Казалось, будто я возвратился в страну своей юности и знаю этого темнокожего
человека - он ждет меня уже пять тысяч лет.
Это настроение не покидало меня все время, пока я путешествовал по
Африке. Помню, что однажды мне доводилось переживать нечто подобное: в тот
раз я вместе с моим прежним шефом, профессором Блейлером, впервые столкнулся
с парапсихологическими явлениями. До этого я воображал, что буду потрясен,
увидев нечто столь невероятное. Но когда это случилось, я даже не был
удивлен, восприняв произошедшее как совершенно естественное, само собой
разумеющееся, словно я и раньше знал об этом.
Трудно сказать, какую струну задел во мне одинокий темнокожий охотник.
Просто я знаю, что этот мир был моим в течение тысячелетий.
Тем не менее я был несколько озадачен. Около полудня поезд прибыл в
Найроби, расположенный на высоте 1800 м над уровнем моря. Ярко светило
солнце, напомнив мне о сияющей вершине Энгадена, ошеломляющей своим блеском
тех, кто поднимался наверх из мглистой долины. И что удивительно, на
железнодорожной станции я встретил множество молодых людей в старомодных
шерстяных лыжных шапочках, которые я привык видеть, да и сам носил на
Энгадене. Они очень удобны потому, что завернутый вверх край можно опустить
вниз как козырек, в Альпах это защита от ледяного ветра, здесь - от палящей
жары.
Из Найроби мы на маленьком форде выехали к равнине Атхи, где раскинулся
огромный заповедник.

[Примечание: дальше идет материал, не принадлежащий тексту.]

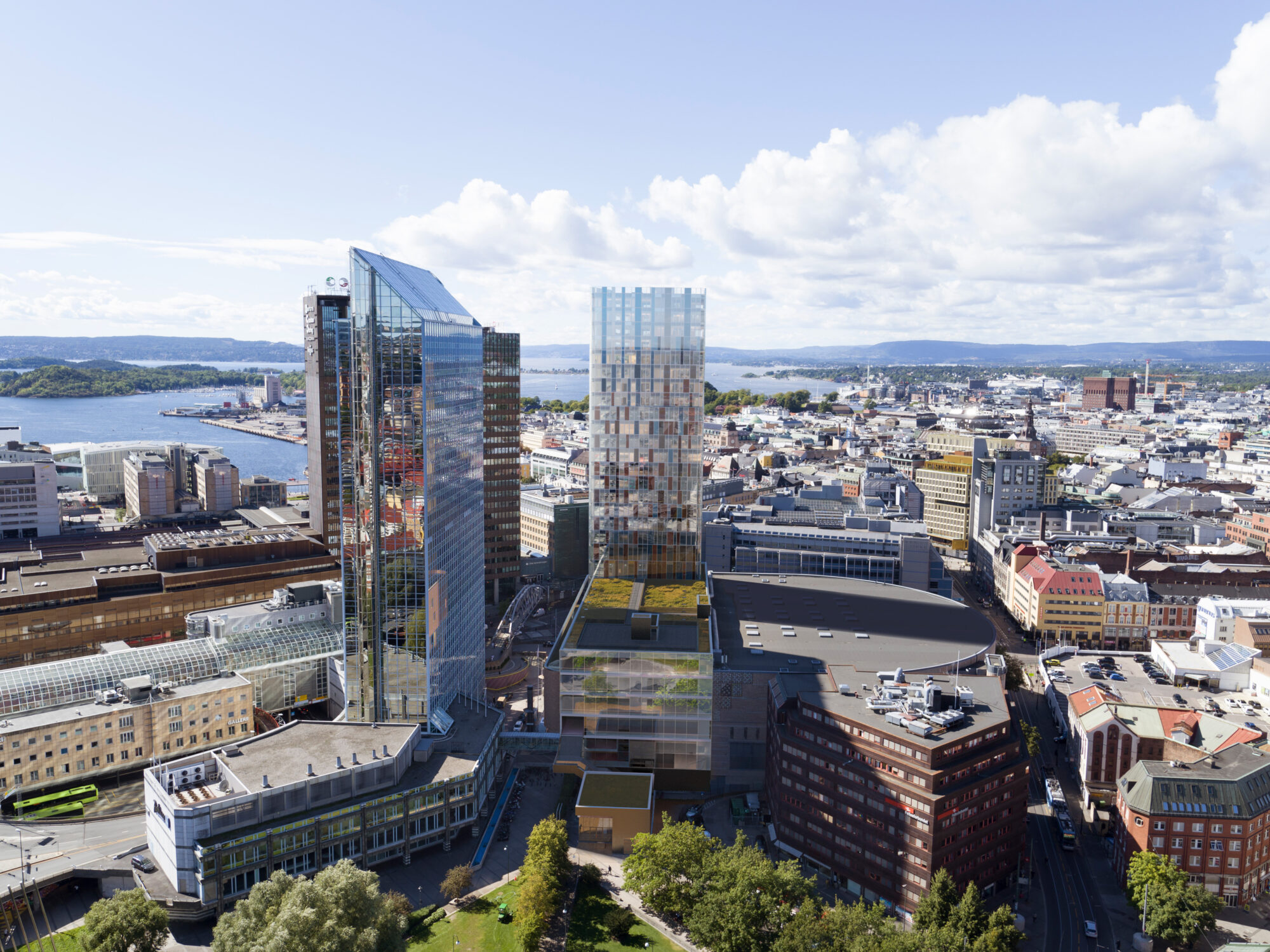 Høyhuset er utformet som en kontrast til den lavere kongressdelen, samtidig som det tar opp i seg elementer og fargebruk fra Spektrums teglfasader. Glassfasaden gis en variasjon og fargebruk som bidrar til at området får et arkitektonisk og kvalitetsmessig løft. Byen og området får et nytt urbant uterom som synliggjør hva som skjer på innsiden av bygget.
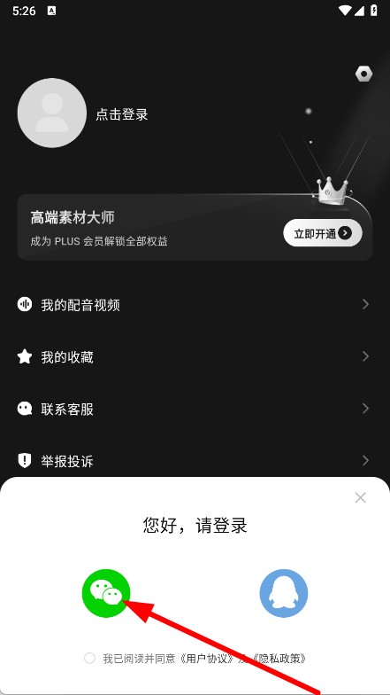 1、打开app,在登录弹窗中选择微信登录方式完成登录。

С невысокого холма открывался величественный видна
саванну, протянувшуюся до самого горизонта; все покрывали бесчисленные стада
животных - зебр, антилоп, газелей и т. д. Жуя траву и медленно покачивая
головами, они беззвучно текли вперед, как спокойные реки; это мерное течение
лишь иногда прерывалось однотонным криком какой-нибудь хищной птицы. Здесь
царил покой извечного начала, это был такой мир, каким он был всегда, до
бытия, до человека, до кого-нибудь, кто мог сказать, что этот мир - "этот
мир". Потеряв из виду своих попутчиков, я оказался в полном одиночестве и
чувствовал себя первым человеком, который узнал этот мир и знанием своим
сотворил его для себя.
В этот миг мне во всей полноте открылся космологический смысл сознания.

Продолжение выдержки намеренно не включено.